Question

A quadrilateral ABCD is a trapezium in which side AB is parallel to side DC. If $\angle A = \angle B = {40^ \circ }$, what are the measures of the other two angles?

Answer 1

Hint: In trapezium, the sum of two adjacent angles made by parallel lines is ${180^ \circ }$. Use this theorem for the pair of angles made by parallel sides and find the required angles.

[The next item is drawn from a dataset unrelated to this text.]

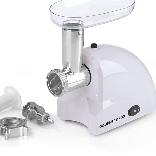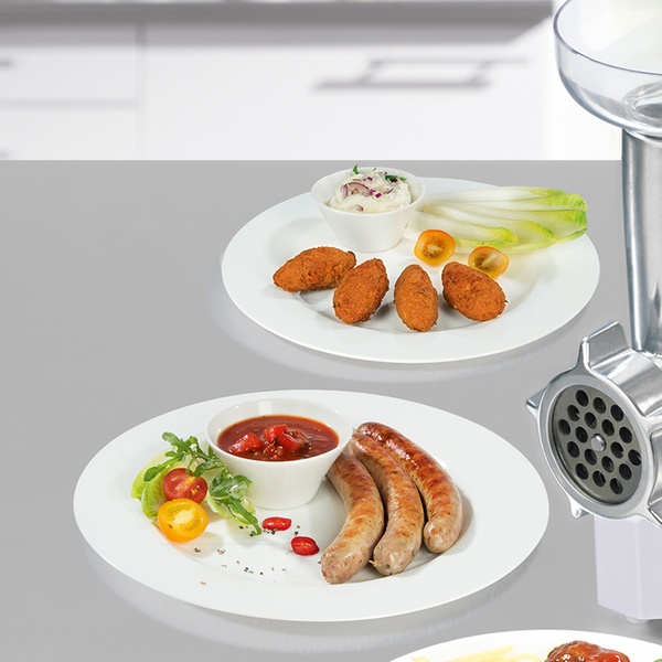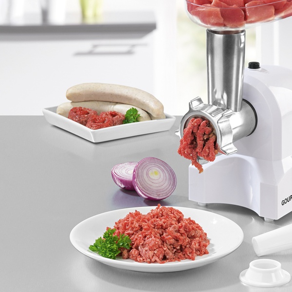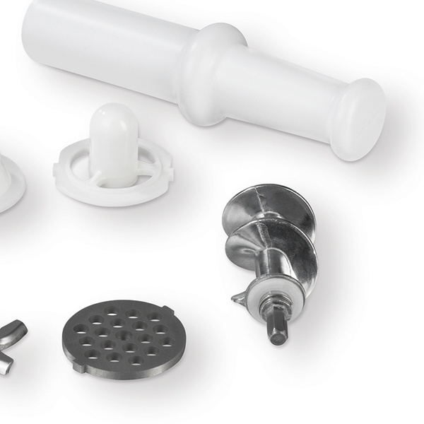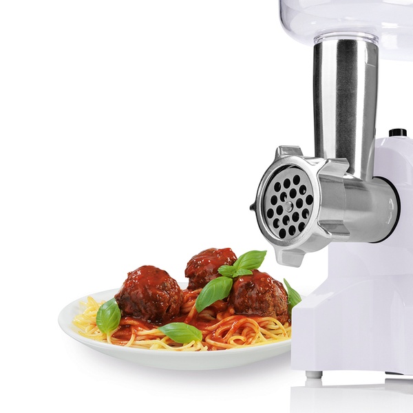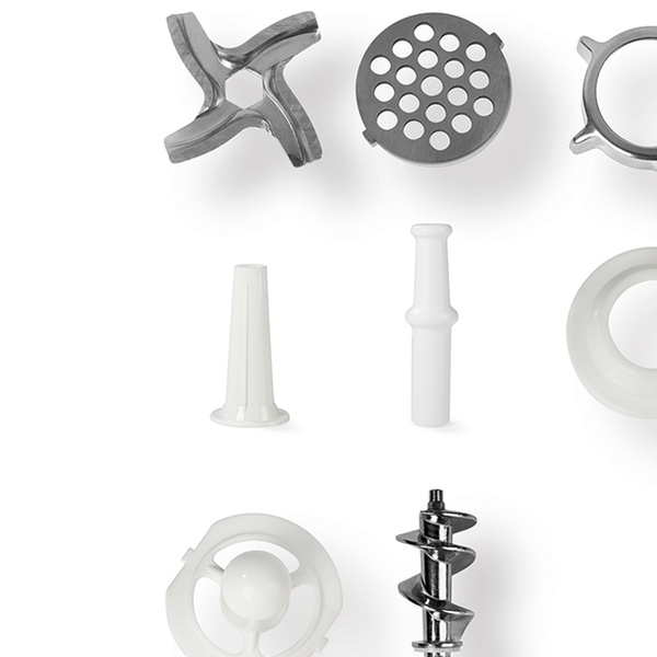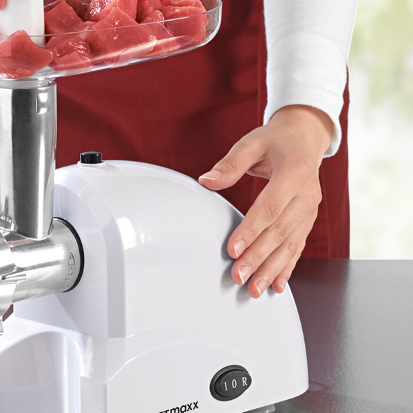 Dank dem Schneideinsatz mit 4 Klingen kann man aus einem Pfund Fleisch in weniger als 5 Minuten feines Hackfleisch schaffen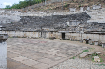 STOBI Questa zona archeologica si trova a 70 km al sud di Skopje, vicino a Gradsko, presso all'autostrada A75 che conduce in Grecia. La città vecchia, situata in un posto strategico, data del IV secolo avanti C. Raggiunge il suo apogeo all'inizio della nostra era. Fu distrutta alla VI secolo da un tremito di terra, quindi i razzias degli slavi. La località è molto ampia; la più grande e meglio conservata delle costruzioni che ripara è il teatro romano, costruito al II secolo per 7600 spettatori. |

Complete step by step answer:

From the above figure, ABCD is a trapezium in which AB is parallel to DC and we have:
$ \Rightarrow \angle A = \angle B = {40^ \circ }.$
We know that, in trapezium, the sum of two adjacent angles made by parallel lines is ${180^ \circ }$. Thus, according to this rule, we have:
$ \Rightarrow \angle A + \angle D = {180^ \circ }$ (sum of interior angle on the same side of the transversal is ${180^ \circ }$)
$
   \Rightarrow \angle D = {180^ \circ } - \angle A \\
   \Rightarrow \angle D = {180^ \circ } - {40^ \circ } \\
   \Rightarrow \angle D = {140^ \circ } \\
$
Similarly for other two angles:
$
  \angle B + \angle C = {180^ \circ } \\
   \Rightarrow {40^ \circ } + \angle C = {180^ \circ } \\
   \Rightarrow \angle C = {140^ \circ } \\
$

Hence the measure of the other two angles is ${140^ \circ }$ each.

Note: If in a trapezium, non-parallel sides are equal in length then in that case, the opposite angles of the trapezium will be supplementary to each other. And such trapezium is called isosceles trapezium.